Where is the original air exhaust? If it's near the bottom of the picture, that would confirm my theory. In that case, I would keep the fan placement as close to original as possible (i.e. the blue square).

[–] Sparky@lemmy.blahaj.zone 1 points 1 month ago (2 children)

The original exhaust was at the bottom roughly where the green square is. Since the psu is mounted vertically and I'm designing a new top plate I was thinking it might be a good idea to mount the fan at the bottom so the it could be using convection to its advantage.

Here's how the exact model psu looks like

[–] Fermion@feddit.nl 4 points 1 month ago (1 children)

Are you 3D printing a new top plate for the psu? Remember that the steel housing also functions to contain the emi generated from the psu components. You could end up increasing electrical noise for other components if your new top plate isn't conductive and grounded.

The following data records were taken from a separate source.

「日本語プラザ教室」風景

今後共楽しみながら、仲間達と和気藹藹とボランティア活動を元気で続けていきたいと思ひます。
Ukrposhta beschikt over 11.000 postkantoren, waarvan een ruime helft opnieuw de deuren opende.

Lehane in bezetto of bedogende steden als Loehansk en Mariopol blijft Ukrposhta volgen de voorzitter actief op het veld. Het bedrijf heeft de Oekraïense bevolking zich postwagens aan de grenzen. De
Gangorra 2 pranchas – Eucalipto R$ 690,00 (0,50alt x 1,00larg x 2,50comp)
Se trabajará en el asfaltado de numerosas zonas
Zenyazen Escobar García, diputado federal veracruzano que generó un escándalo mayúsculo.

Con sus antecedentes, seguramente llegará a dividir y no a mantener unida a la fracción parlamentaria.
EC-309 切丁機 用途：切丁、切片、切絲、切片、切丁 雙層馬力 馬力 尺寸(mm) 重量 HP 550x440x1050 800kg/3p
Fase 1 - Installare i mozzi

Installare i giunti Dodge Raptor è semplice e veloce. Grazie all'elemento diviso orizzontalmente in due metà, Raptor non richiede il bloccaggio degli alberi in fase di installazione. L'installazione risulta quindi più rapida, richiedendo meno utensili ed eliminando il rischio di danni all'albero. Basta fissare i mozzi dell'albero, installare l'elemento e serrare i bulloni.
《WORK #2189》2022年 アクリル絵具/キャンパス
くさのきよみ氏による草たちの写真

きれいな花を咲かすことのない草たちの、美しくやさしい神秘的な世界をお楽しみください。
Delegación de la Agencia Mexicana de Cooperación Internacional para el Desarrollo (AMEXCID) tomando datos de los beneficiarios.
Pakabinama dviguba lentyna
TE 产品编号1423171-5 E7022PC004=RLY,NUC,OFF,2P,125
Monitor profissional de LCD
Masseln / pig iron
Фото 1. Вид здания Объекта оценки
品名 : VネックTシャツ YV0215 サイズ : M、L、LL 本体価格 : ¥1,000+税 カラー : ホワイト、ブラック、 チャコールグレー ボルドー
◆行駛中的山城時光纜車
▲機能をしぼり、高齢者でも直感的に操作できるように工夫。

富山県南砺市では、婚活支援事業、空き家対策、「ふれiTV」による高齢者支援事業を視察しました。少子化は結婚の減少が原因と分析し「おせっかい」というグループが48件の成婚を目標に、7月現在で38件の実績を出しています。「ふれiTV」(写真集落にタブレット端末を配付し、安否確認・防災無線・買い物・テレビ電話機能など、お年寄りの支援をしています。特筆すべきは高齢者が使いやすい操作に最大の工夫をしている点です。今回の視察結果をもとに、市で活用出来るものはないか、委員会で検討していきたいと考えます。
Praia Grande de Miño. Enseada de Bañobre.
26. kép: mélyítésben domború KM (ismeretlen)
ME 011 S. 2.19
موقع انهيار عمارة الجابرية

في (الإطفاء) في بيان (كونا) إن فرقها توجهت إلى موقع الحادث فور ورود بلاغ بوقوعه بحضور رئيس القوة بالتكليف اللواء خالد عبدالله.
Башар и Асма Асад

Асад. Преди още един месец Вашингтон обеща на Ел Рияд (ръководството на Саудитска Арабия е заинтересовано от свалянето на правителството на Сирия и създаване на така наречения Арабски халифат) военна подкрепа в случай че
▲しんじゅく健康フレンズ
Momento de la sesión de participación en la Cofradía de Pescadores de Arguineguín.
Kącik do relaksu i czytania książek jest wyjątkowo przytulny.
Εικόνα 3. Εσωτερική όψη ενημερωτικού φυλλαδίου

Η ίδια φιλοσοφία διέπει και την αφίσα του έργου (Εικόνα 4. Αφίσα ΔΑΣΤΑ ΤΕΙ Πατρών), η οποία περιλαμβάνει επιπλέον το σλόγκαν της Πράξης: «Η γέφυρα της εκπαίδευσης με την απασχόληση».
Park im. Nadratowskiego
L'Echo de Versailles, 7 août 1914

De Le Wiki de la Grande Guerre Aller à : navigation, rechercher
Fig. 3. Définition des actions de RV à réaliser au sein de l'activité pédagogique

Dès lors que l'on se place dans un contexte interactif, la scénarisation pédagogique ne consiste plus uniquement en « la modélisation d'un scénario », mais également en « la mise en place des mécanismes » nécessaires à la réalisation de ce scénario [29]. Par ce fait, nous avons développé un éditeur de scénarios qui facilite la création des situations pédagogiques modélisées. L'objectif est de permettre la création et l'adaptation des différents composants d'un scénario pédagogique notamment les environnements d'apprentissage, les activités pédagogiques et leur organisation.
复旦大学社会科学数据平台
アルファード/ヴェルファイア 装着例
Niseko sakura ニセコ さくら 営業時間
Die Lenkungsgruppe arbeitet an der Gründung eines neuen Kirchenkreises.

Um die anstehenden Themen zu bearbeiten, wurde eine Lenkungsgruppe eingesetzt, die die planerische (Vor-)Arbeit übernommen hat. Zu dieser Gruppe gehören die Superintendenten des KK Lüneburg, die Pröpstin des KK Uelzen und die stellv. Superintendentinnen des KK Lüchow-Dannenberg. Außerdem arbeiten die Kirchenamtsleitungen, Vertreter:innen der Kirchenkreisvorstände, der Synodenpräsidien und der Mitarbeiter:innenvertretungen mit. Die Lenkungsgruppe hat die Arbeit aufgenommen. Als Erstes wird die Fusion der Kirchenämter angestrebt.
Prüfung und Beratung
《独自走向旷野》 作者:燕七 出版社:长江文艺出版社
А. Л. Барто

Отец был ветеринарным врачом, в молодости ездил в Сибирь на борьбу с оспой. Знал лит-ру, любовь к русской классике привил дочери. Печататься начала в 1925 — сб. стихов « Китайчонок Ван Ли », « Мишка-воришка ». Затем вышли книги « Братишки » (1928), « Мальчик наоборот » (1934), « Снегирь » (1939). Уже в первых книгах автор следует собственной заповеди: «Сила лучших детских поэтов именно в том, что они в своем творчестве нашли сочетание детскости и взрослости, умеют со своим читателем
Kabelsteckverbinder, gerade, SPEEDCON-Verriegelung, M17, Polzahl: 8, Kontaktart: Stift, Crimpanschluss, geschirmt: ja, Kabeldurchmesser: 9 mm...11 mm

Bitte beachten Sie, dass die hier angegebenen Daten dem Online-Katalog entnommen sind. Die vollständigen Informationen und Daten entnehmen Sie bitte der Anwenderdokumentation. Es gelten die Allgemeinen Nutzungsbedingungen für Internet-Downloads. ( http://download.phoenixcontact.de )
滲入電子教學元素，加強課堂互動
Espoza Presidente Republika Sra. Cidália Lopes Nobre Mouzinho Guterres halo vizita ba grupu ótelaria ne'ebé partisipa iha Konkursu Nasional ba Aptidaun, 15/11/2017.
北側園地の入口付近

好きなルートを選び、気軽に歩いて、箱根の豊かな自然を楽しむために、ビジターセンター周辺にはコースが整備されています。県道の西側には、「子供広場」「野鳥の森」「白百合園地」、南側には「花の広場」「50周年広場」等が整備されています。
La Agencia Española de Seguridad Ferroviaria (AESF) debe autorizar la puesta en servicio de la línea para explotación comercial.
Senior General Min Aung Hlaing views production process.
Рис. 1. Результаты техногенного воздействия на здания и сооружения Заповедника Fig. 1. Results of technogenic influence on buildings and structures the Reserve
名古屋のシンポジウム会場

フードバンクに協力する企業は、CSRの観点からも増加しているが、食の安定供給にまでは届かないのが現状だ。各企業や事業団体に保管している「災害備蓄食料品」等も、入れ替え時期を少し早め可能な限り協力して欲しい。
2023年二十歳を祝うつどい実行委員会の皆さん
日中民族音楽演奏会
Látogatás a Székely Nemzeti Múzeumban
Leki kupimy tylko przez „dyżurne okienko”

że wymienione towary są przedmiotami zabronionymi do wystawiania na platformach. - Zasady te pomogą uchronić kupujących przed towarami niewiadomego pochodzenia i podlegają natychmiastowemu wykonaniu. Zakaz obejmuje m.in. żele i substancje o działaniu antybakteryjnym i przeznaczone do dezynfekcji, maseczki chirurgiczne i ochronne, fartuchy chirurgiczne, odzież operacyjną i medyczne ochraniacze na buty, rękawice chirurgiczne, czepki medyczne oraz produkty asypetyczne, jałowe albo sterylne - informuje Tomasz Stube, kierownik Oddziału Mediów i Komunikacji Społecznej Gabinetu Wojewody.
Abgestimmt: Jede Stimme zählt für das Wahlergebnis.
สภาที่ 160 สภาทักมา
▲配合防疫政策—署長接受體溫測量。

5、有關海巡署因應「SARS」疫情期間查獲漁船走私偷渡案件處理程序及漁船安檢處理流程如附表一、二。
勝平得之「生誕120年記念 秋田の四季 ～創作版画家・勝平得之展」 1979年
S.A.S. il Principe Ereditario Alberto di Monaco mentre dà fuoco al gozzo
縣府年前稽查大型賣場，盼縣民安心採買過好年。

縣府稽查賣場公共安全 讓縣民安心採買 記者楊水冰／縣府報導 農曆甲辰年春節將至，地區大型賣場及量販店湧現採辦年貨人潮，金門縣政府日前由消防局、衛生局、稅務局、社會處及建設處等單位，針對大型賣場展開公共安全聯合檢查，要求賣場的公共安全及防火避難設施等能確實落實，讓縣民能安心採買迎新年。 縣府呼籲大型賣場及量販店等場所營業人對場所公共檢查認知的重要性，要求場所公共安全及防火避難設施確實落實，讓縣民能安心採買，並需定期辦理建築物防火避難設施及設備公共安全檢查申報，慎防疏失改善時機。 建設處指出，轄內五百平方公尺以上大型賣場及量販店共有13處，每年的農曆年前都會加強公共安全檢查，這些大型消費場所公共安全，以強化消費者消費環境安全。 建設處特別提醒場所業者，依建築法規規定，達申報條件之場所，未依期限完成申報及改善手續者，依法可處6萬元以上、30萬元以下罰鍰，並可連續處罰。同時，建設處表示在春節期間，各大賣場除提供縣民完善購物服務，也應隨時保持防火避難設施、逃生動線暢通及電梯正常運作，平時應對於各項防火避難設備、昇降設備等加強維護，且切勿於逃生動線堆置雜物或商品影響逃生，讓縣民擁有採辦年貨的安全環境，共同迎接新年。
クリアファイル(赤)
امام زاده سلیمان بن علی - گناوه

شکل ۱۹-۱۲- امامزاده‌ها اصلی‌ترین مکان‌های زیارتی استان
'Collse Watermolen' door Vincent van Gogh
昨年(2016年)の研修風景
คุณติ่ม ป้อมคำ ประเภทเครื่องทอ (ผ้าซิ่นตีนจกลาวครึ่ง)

[–] Sparky@lemmy.blahaj.zone 3 points 1 month ago

I didn't think of that. Thanks for pointing that out! I guess I can cover the inside in aluminium foil tape to stop the electrical noise

[–] elDalvini@discuss.tchncs.de 2 points 1 month ago

That's probably not a bad idea, although I doubt it will make much of a difference. But since you're redesigning the whole thing, might as well do it.